**Activity:** Leave out the pictures and repeat the data exactly.

**Given records:**
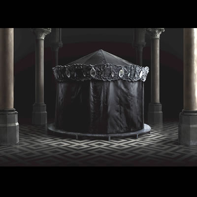 materiaal staal, hout, polyester, zeildoek en spiegel
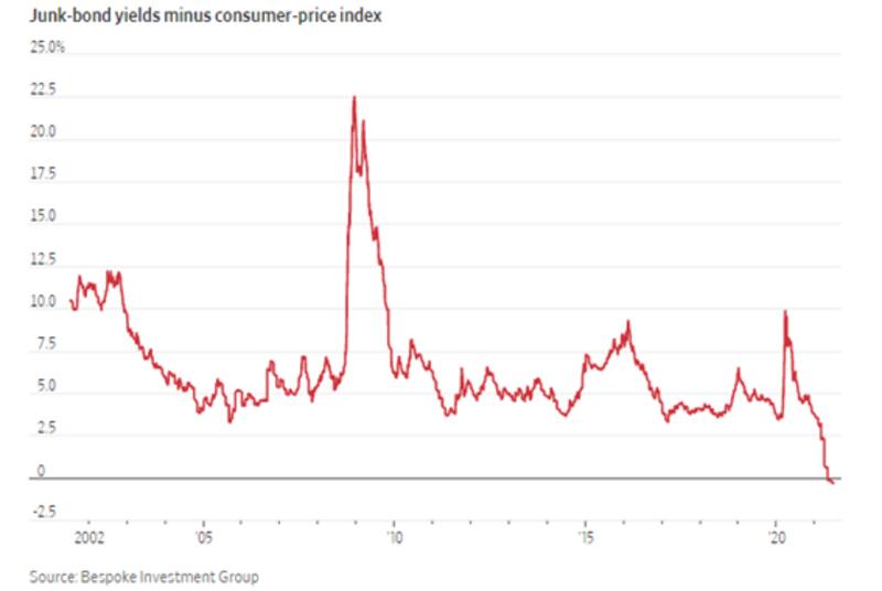 El rendimiento que reciben quienes invierten en las empresas estadounidenses más riesgosas cayó por debajo de la inflación por primera vez en la historia. Estos bonos son conocidos como "deuda junk" y pertenecen a las empresas que tienen más probabilidades de default.
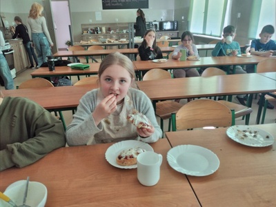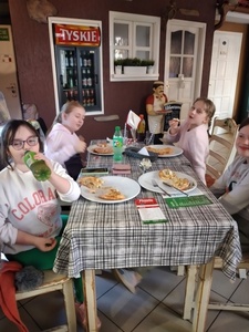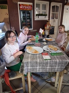 W marcu odbyły się ostatnie zajęcia kulinarne, które były możliwe między innymi dzięki urządzeniom zakupionym z projektu Laboratorium Przyszłości. Na przedostatnich zajęciach robiliśmy zapiekanki i piekliśmy babeczki czekoladowe. A na ostatnie spotkanie wybraliśmy się do kawiarni i na pizzę oraz do kina. Czas upłynął nam sympatycznie i smacznie - miło było dla odmiany zajadać dania przygotowane przez kogoś innego. Zajęcia podobały się dzieciom-wychodziły z nich bogate o nowe umiejętności i syte po degustacji zrobionych dań. Dziękuję wszystkim rodzicom za współpracę i zaangażowanie.
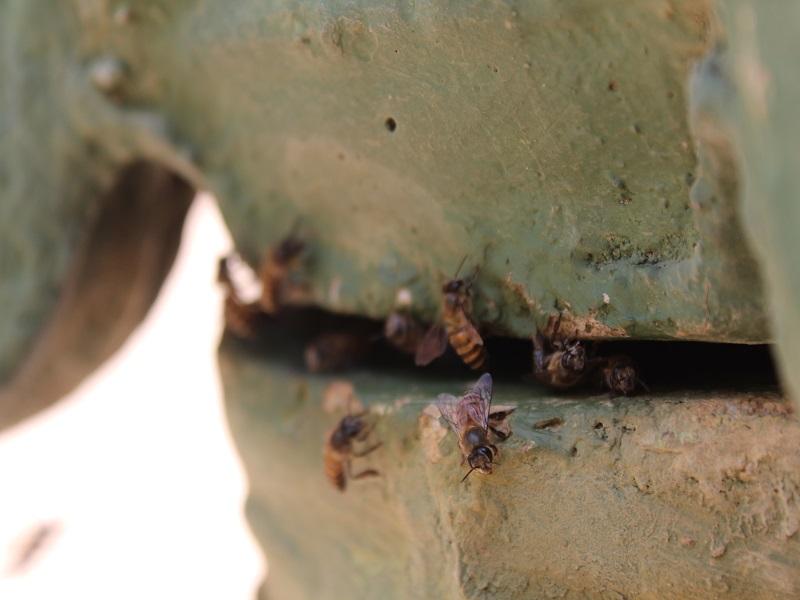 Und tartsächlich, in einem Spalt am Boden des Blumentopfes herrscht ein munteres treiben. Etwa 20 Bienen hängen und krabbeln dort rein und raus.
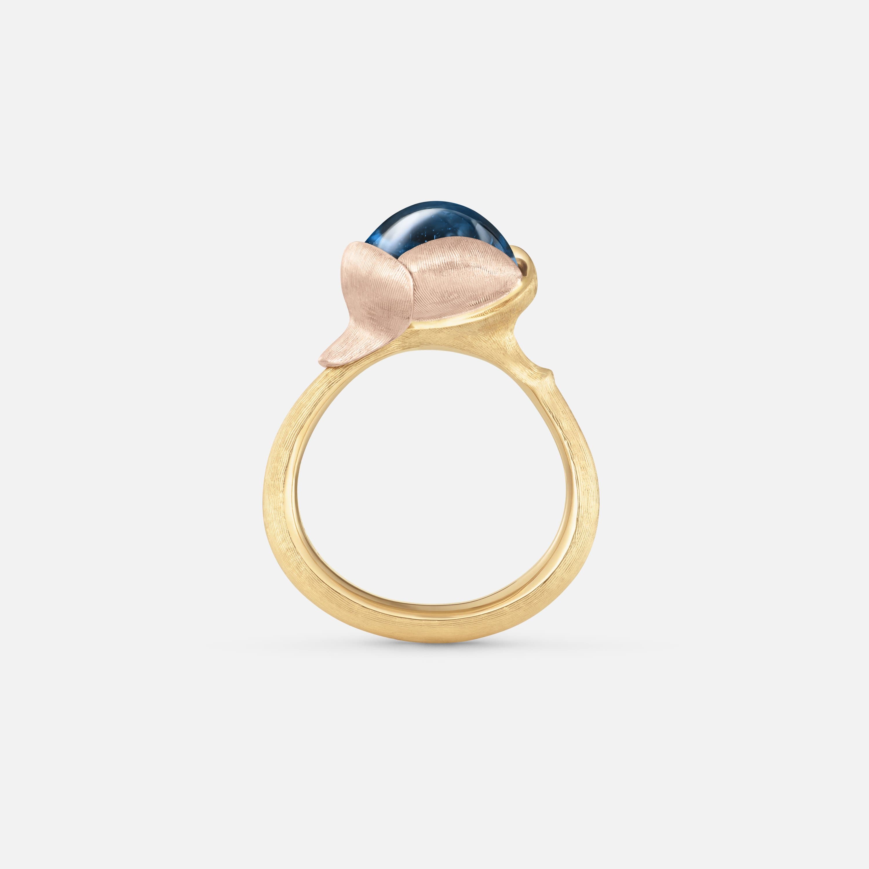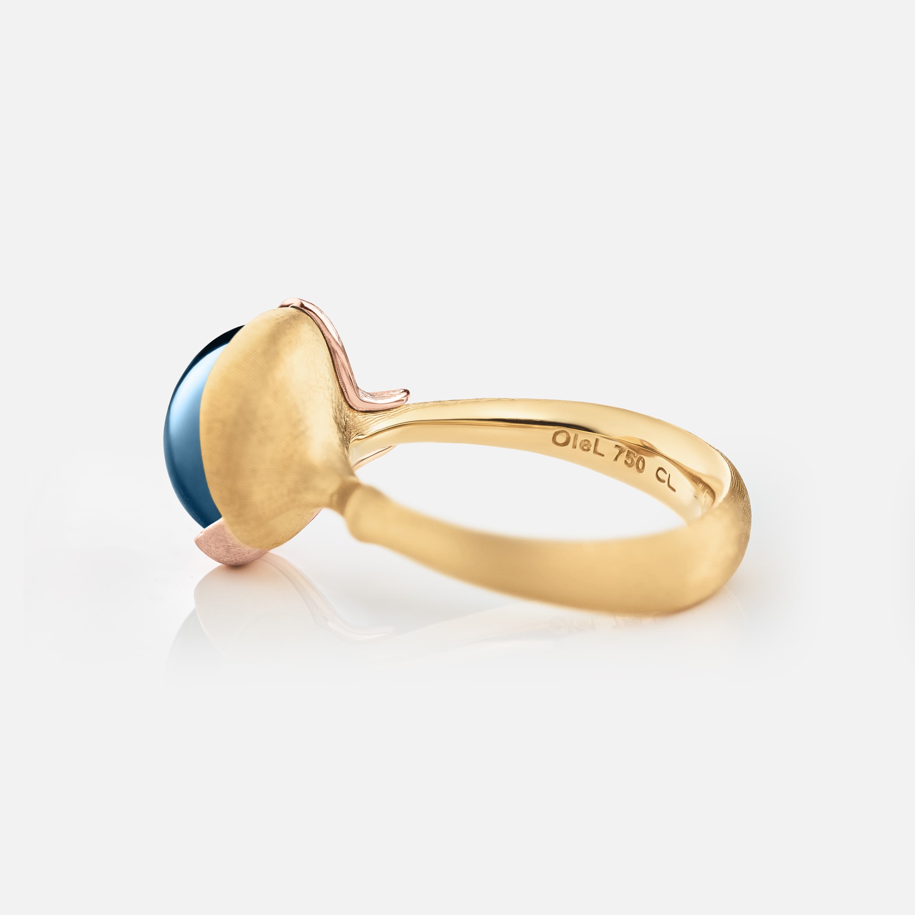 Designed by Charlotte Lynggaard, the Lotus ring, size 2, is crafted from 18 karat yellow and rose gold with a London blue topaz cabochon. Handcrafted by master goldsmiths, the visible gold surfaces are hand-satinised, whilst the inside of the ring has a polished finish. Part of the Lotus Collection. Please note: As gemstones are natural materials, each stone is absolutely unique. They will vary in colour and have individual, unique inclusions and features. Web-images of stones are only representatives of the unique stone you will receive when ordering the product, not the exact stone.

**Answer:**
 materiaal staal, hout, polyester, zeildoek en spiegel
 El rendimiento que reciben quienes invierten en las empresas estadounidenses más riesgosas cayó por debajo de la inflación por primera vez en la historia. Estos bonos son conocidos como "deuda junk" y pertenecen a las empresas que tienen más probabilidades de default.
 W marcu odbyły się ostatnie zajęcia kulinarne, które były możliwe między innymi dzięki urządzeniom zakupionym z projektu Laboratorium Przyszłości. Na przedostatnich zajęciach robiliśmy zapiekanki i piekliśmy babeczki czekoladowe. A na ostatnie spotkanie wybraliśmy się do kawiarni i na pizzę oraz do kina. Czas upłynął nam sympatycznie i smacznie - miło było dla odmiany zajadać dania przygotowane przez kogoś innego. Zajęcia podobały się dzieciom-wychodziły z nich bogate o nowe umiejętności i syte po degustacji zrobionych dań. Dziękuję wszystkim rodzicom za współpracę i zaangażowanie.
 Und tartsächlich, in einem Spalt am Boden des Blumentopfes herrscht ein munteres treiben. Etwa 20 Bienen hängen und krabbeln dort rein und raus.
 Designed by Charlotte Lynggaard, the Lotus ring, size 2, is crafted from 18 karat yellow and rose gold with a London blue topaz cabochon. Handcrafted by master goldsmiths, the visible gold surfaces are hand-satinised, whilst the inside of the ring has a polished finish. Part of the Lotus Collection. Please note: As gemstones are natural materials, each stone is absolutely unique. They will vary in colour and have individual, unique inclusions and features. Web-images of stones are only representatives of the unique stone you will receive when ordering the product, not the exact stone.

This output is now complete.